Molti valichi doganali minori inoltre sono chiusi da due giorni con il risultato di creare code lunghe chilometri nei valichi principali, sia in provincia di Varese che in Provincia di Como, costringendo i nostri cittadini ad affrontare ore fermi in automobile alla frontiera, con il pretesto di eseguire maggiori controlli di sicurezza su chi accede in Svizzera. Segnaliamo però che le forze di polizia svizzera non eseguono alcun controllo sanitario, bensì chiedono semplicemente i documenti senza l’utilizzo di mascherine o di altri dispositivi di protezione individuale.
L’incidenza di contagi attuale segnalata dalle autorità elvetiche è quasi pari a quella delle intera provincia di Varese o di Como, con la differenza che il Canton Ticino ha solo 350 mila abitanti a fronte dei 900mila della Provincia di Varese e dei 500mila di Como.
Nonostante questi dati, i provvedimenti igienico sanitari intrapresi dalle autorità oltreconfine sono nella misura di semplici raccomandazioni che ben conosciamo sul tenere la distanza e nell’igiene personale; solo da lunedì prossimo 16 marzo saranno chiuse le scuole, soltanto cinema teatri e palestre sono stati chiusi, mentre nessun provvedimento significativo è stato deciso per le attività commerciali, ristorative o produttive fatta eccezione per il rispetto della distanza di un metro tra le persone; inoltre solo le manifestazioni con grande afflusso di pubblico sono state vietate. Scriviamo questa lettera per far risuonare la voce dei nostri concittadini che, con più che comprensibile preoccupazione, ci domandano come si possa fermare l’epidemia se i sacrifici che stiamo compiendo in Italia rischiano di essere vanificati per via della diversità di restrizioni applicate oltreconfine. Qualsiasi sforzo compiuto dai nostri Comuni e dai nostri concittadini rischia di essere inutile se anche i settantamila frontalieri non verranno tutelati nei loro diritti dallo Stato Italiano e dalla Confederazione Elvetica.

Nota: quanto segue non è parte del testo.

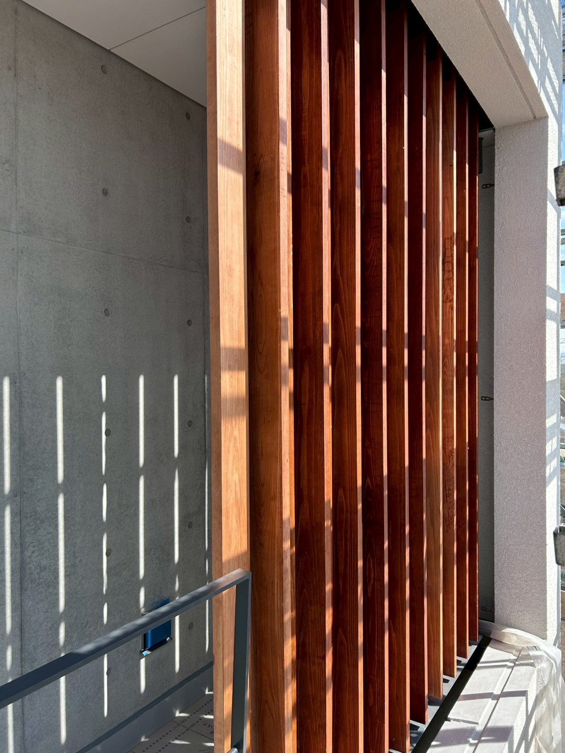 ルーバーはデザインだけでなく、目隠しや日光の調整の役割もあります。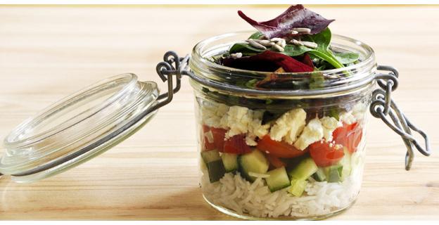 Para conseguir un efecto como el de la foto cuando preparemos una ensalada, la clave está en colocar los ingredientes en capas. La vinagreta la conservaremos en un frasco de menor tamaño como el de las mermeladas y a la hora de comer, solo tenemos que añadirla, remover bien todo y para mayor comodidad, servirla en un plato a parte.
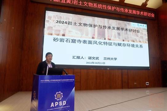 本次研讨会聚焦系统性?;け尘跋卵彝廖奈锉;っ媪俚幕鲇胩粽?,重点围绕科技赋能岩土文物保护、岩土文物保护实践经验开展学术交流和研讨?;嵋楣灿欣醋匀彝廖奈锉;は喙氐ノ坏?40余名专家代表参加,14位代表进行专题报告,18位青年学者进行了汇报交流,分享了岩土文物的?;だ砟睢⒐屎献鹘涣?、科技赋能、系统性?;ぱ芯坑胧导?、文旅融合等方面的最新动态和学术成果。特邀报告环节,詹长法、谌文武、兰立志等专家代表分别对新时期系统性?;け尘跋碌难彝廖奈锉;さ墓屎献鹘涣鳌⒈;だ砟睢⒖蒲а芯亢捅;な导确较蜓刑纸涣鳌N以菏呤趟ど勖魃?、文物?;す婊ふ胖吻糠直鹁汀翱萍几衬苎彝廖奈锵低承员;ぱ芯俊焙汀?文物资源的有效利用与文旅融合”作了专题报告。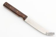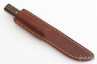 This Model 10 Salt Fisherman and Household Utility features a satin finish drop point blade with notched thumbrest, .113" blade stock and .867" blade depth. The handle is comprised of desert ironwood scales over full tang construction. Brass lanyard tube with lanyard in pommel. Includes a brown leather sheath. Excellent condition.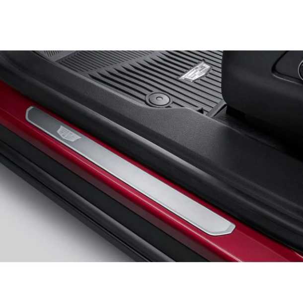 FRONT STAINLESS CADILLAC CREST DOOR SILL PLATES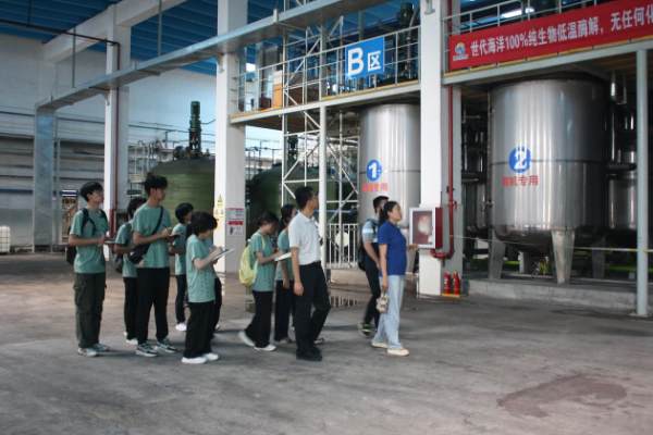 圖為實踐服務團參觀世代海洋生物科技股份有限公司生產車間。賈毅真 供圖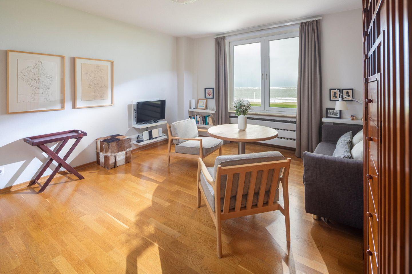 Das Apartment im ersten Stock (erreichbar per Aufzug) besticht durch seinen direkten Blick auf die unendliche Weite der Nordsee. Lassen Sie sich von dem atemberaubenden Panorama verzaubern und genießen Sie die Ruhe und Gelassenheit, die das Meer ausstrahlt.

Riteniamo indispensabile che le autorità italiane e svizzere decidano azioni coordinate per fronteggiare l’emergenza nonché per tutelare la salute dei frontalieri e delle loro famiglie che in questo momento stanno vivendo enormi disagi lavorativi e familiari, scongiurando qualsiasi caso di contagio di ritorno da oltreconfine.
Chiediamo anche al Governatore Attilio Fontana, informato della situazione che abbiamo descritto, di farsi promotore di questa nostra richiesta presso il Governo.
Certi di un Vs interessamento, auguriamo buon lavoro in questo momento difficile per la Nazione.